The newest generation of defibrillators and devices for heart failure by the Boston Scientific Corporation (BSC), a leading innovator of medical solutions for over 30 years, has received an FDA approval on Tuesday, April 15.
"These newly approved devices continue the Boston Scientific history of industry-leading projected longevity and a six-year CRT-D warranty," the company said in a statement.
Among the FDA-approved are the DYNAGEN MINI and X4 devices, and the INOGEN MINI ICDs and X4 CRT-Ds devices.
BSC explained that the CRT-Ds and ICDs have been designed to treat patients who suffer from heart failure as well as to give protection to patients who are at risk of sudden cardiac death (SCD).
The American Heart Association explained that heart failure happens when the muscle of the heart fails to pump a sufficient amount of blood that the body needs for oxygen and blood. It also said the condition is a chronic and progressive one. It added that when there is loss of heart function, that's when SCD occurs.
SCD is a leading cause of deaths, accounting for about 400,000 cardiac arrests happening out of the hospital yearly in the U.S. It occurs suddenly and often without any warning.
The X4 CRT-Ds provides additional pacing preferences by 70 percent to efficiently address phrenic nerve stimulation and high capture thresholds together with the industry's biggest battery capacity.
Meanwhile, the MINI ICDs are the thinnest and smallest devices for heart failure in the world, providing comfort and treatment for patients with life-threatening arrhythmias of the heart. Volume-wise, these are smaller by as much as 20 percent as well as thinner as much as 24 percent as compared to other competing devices from varied manufacturers.
"The tiny size of the MINI ICD provides a real benefit to some patients, in particular those with a smaller frame," said Prof.
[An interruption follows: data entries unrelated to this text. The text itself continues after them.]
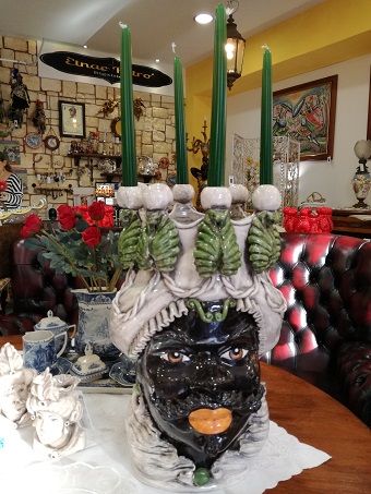 Testa di moro porta cendela in ceramica di Caltagirone firmata Verus. Decoro foglie effetto lucido. Altezza 48,5 cm.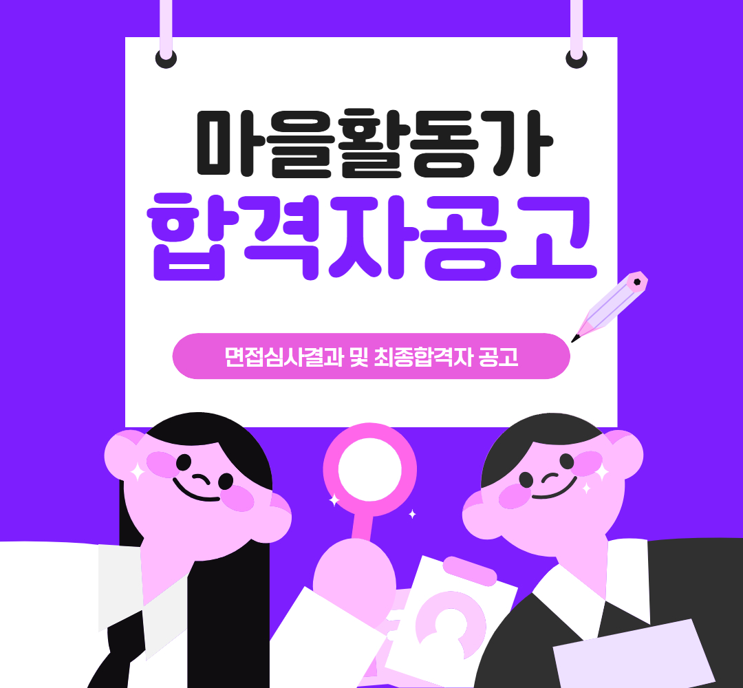 서류 및 면접 심사를 거쳐 최종 선정된 마을활동가 면접심사 결과 및 최종합격자를 다음과 같이 공고합니다.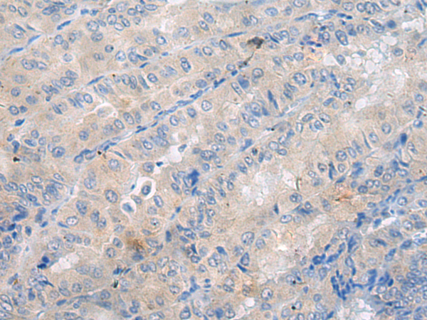 The image is immunohistochemistry of paraffin-embedded Human liver cancer tissue using P12918(ULK2 Antibody) at dilution 1/25. (Original magnification: ×200) |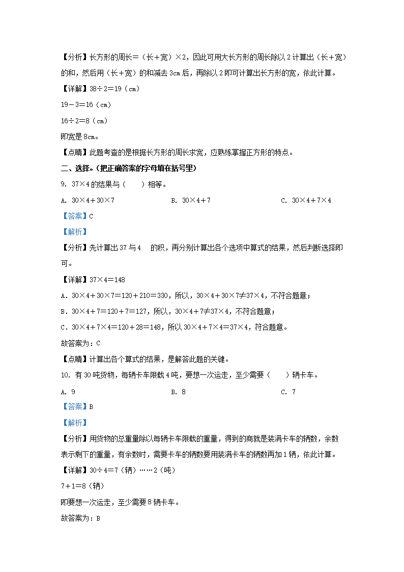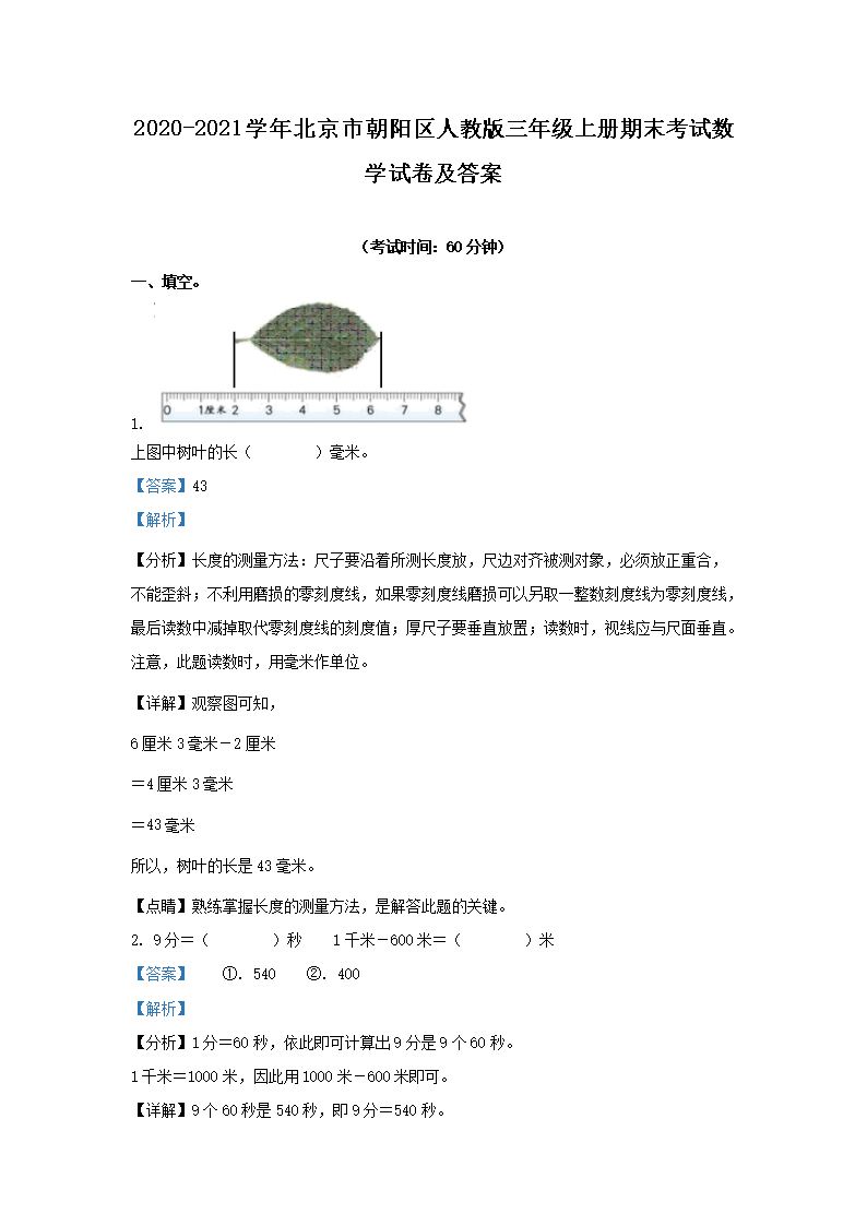 2020-2021学年北京市朝阳区人教版三年级上册期末考试数学试卷及答案(Word版)06-27

Dr. Hans-Joachim Trappe from Bochum, Germany.
BSC executive vice president Joe Fitzgerald said that with these new devices, BSC now offers the finest range of medical solutions and options for patients at risk of SCD regardless of the need for cardiac resynchronization treatment. Fitzgerald is also the president of the Rhythm Management division at BSC.
"Our devices simply offer more options to improve outcomes, reduce complications and lower the costs of treating patients," he said.